How to do this – and what to do — remains an open question.

The Ghetto, with its five synagogues, nursing home, kosher restaurants, Jewish archives, Jewish museum and other Jewish institutions, remains what Bassi called the “beating heart of Jewish Venice.”

Yet the Jewish community in Venice today numbers fewer than 450 people. Few of them live in the Ghetto neighborhood, and their numbers are dwarfed by the thousands of tourists who visit the Ghetto each year.

Bassi and other Jewish leaders hope that the visibility brought by the anniversary will pique international interest that will bring Jews and others to Venice — not as tourists but as students, scholars and artists who will stay for longer periods and interact with local Jews.

“The Venice Jewish community should be a point of reference for people who decide to come here and stay for a semester or a year of study,” said Venice’s chief rabbi, Scialom Bahbout, who hopes to foster an exchange program of religious scholarship and also reach out to unaffiliated Jews.

Other plans include revamping the Jewish Museum as an international center and hub of the revitalized ghetto.
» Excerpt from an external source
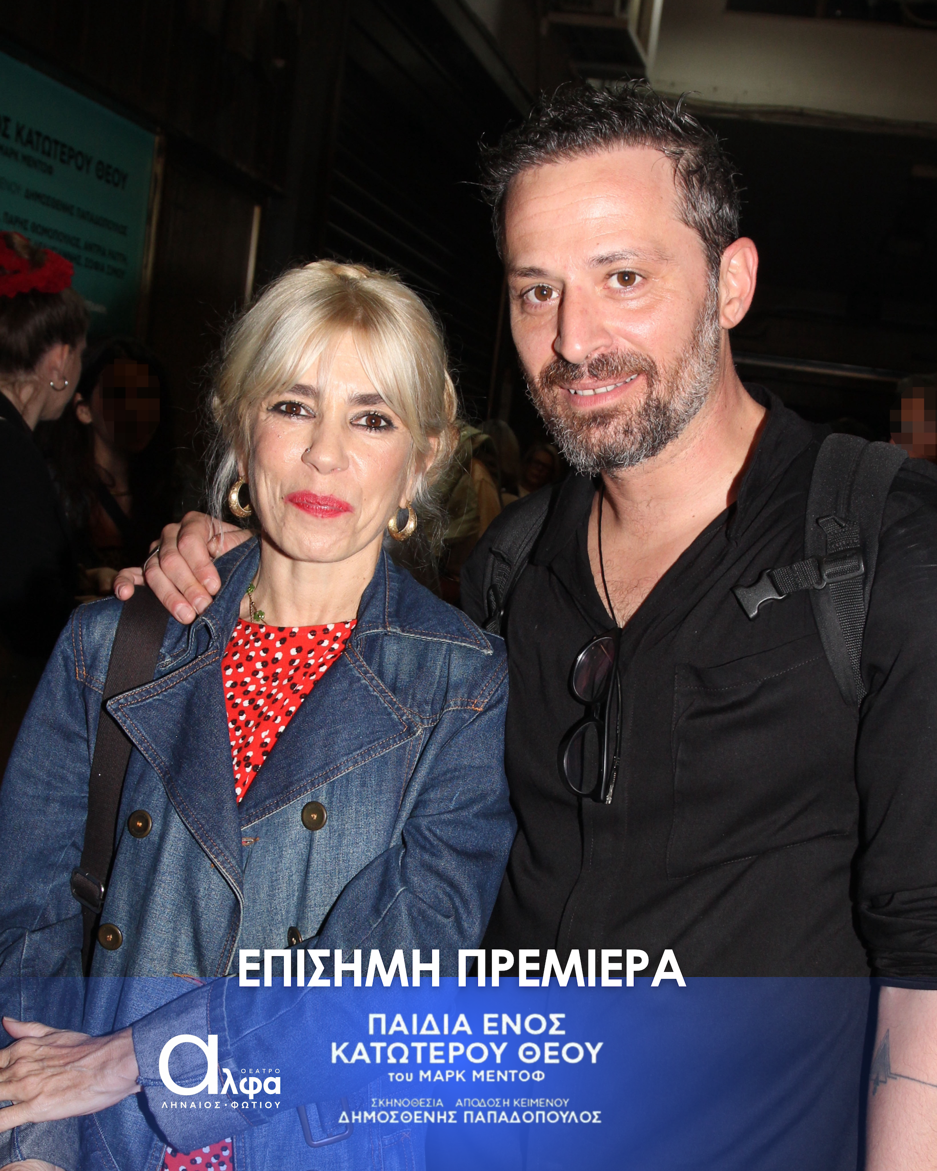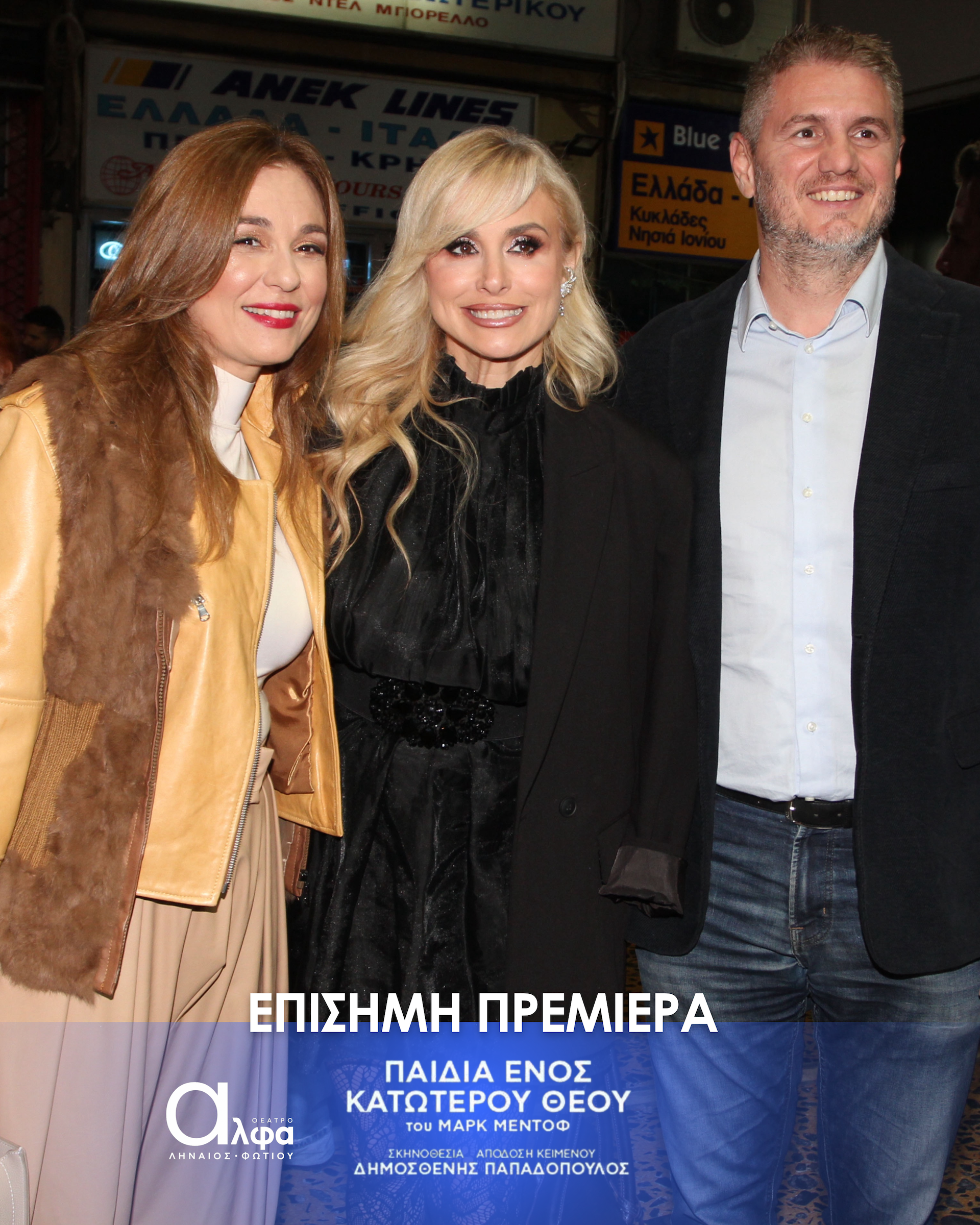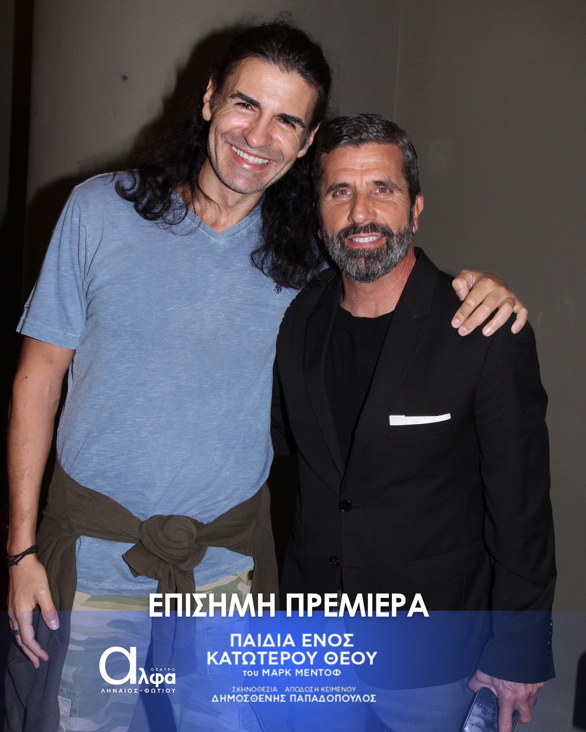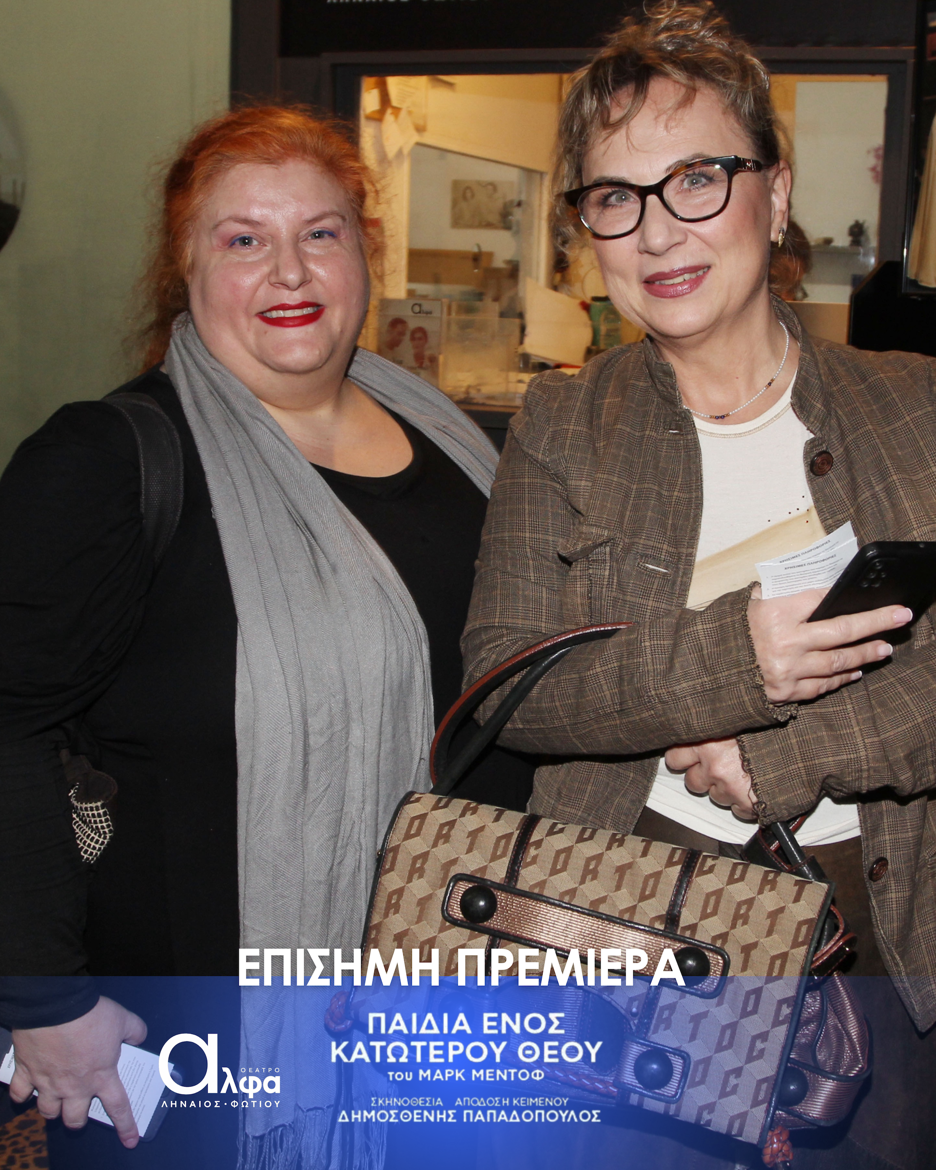 Η επίσημη πρεμιέρα της παράστασης «Τα Παιδιά ενός Κατώτερου Θεού» έλαβε χώρα στις 3 Νοεμβρίου στο Θέατρο Άλφα Ληναίος Φωτίου και το κοινό υποδέχτηκε το πολυβραβευμένο θεατρικό έργο του Μαρκ Μέντοφ με ενθουσιασμό και συγκίνηση. Στην εκδήλωση το “παρών” έδωσε πλήθος γνωστών ηθοποιών και φίλων.Ανάμεσά τους οι Tάσος Ιορδανίδης, Θάλεια Ματίκα,, Αννυ Λούλου, Άσπα Τομπούλη, Μαρία Ακουλά, Γιώργος Καραμίχος, Γιώργος Μπένος, δΔμητρα Κόλλα, Παναγιώτης Πετράκης, Μυρτώ Αλικάκη, Τζένη Μπότση, Θανάσης Βισκαδουράκης, Μαίρη Σταυρακέλλη, Ζωή Κρονάκη, Γιούλη Τσαγκαράκη, Θάνια Ιορδανίδου.

“The responses are varied – to have cultural events, Jewish education, restore buildings,” said Lenore Rosenberg Bahbout, Rabbi Bahbout’s wife, who was born in the U.S.

“There are a lot of different solutions, but that’s what gives this whole experience a meaning,” she said. “People are going to have to talk about it. Something like the ‘Merchant,’ the exhibit, conferences – if they can raise awareness of what the Ghetto meant in the past – that’s a jumping off place.”